Required work —
Copy out every line of the data that has the word "with" somewhere in it.

Source information —
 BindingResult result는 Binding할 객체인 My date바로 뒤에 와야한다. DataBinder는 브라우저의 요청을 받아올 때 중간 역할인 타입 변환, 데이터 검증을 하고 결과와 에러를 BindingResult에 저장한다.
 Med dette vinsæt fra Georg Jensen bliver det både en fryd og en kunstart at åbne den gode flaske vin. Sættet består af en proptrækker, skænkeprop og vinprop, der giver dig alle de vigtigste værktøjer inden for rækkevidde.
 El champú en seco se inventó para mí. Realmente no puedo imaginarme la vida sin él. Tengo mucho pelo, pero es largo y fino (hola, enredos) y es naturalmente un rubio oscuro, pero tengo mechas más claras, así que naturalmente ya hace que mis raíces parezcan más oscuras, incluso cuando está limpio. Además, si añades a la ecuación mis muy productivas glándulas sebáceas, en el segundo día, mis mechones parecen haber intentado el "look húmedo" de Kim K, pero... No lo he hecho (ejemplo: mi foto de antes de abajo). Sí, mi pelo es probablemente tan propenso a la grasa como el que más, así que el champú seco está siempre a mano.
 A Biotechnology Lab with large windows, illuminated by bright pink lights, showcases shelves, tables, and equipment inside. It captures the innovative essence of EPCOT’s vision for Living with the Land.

...

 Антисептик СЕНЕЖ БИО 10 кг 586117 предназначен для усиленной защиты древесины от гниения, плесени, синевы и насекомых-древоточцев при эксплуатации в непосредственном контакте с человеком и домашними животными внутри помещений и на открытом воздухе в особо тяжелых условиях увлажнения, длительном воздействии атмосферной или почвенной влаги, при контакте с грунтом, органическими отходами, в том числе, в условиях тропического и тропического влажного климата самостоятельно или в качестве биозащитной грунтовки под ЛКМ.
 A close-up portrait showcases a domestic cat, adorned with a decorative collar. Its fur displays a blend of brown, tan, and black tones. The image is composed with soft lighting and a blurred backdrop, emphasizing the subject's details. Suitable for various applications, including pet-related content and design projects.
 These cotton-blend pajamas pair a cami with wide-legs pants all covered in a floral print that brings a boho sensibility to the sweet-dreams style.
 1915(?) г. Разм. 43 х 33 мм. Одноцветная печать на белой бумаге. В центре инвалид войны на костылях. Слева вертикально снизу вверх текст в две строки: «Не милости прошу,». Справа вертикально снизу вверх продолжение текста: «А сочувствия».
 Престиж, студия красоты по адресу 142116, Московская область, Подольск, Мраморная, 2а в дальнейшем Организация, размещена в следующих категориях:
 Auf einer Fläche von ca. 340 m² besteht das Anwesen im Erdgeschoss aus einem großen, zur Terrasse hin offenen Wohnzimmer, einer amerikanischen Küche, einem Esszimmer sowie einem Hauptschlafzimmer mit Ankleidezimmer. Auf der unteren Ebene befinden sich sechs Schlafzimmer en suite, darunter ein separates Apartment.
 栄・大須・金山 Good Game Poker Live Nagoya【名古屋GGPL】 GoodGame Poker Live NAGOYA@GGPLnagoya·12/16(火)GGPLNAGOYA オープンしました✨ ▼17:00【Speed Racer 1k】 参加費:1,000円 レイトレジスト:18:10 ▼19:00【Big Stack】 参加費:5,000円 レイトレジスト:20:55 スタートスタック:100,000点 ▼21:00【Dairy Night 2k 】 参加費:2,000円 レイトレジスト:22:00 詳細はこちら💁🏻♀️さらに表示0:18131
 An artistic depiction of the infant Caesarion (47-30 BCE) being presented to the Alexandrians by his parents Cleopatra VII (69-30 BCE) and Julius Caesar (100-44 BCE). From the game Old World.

Answer section —
 A Biotechnology Lab with large windows, illuminated by bright pink lights, showcases shelves, tables, and equipment inside. It captures the innovative essence of EPCOT’s vision for Living with the Land.
 A close-up portrait showcases a domestic cat, adorned with a decorative collar. Its fur displays a blend of brown, tan, and black tones. The image is composed with soft lighting and a blurred backdrop, emphasizing the subject's details. Suitable for various applications, including pet-related content and design projects.
 These cotton-blend pajamas pair a cami with wide-legs pants all covered in a floral print that brings a boho sensibility to the sweet-dreams style.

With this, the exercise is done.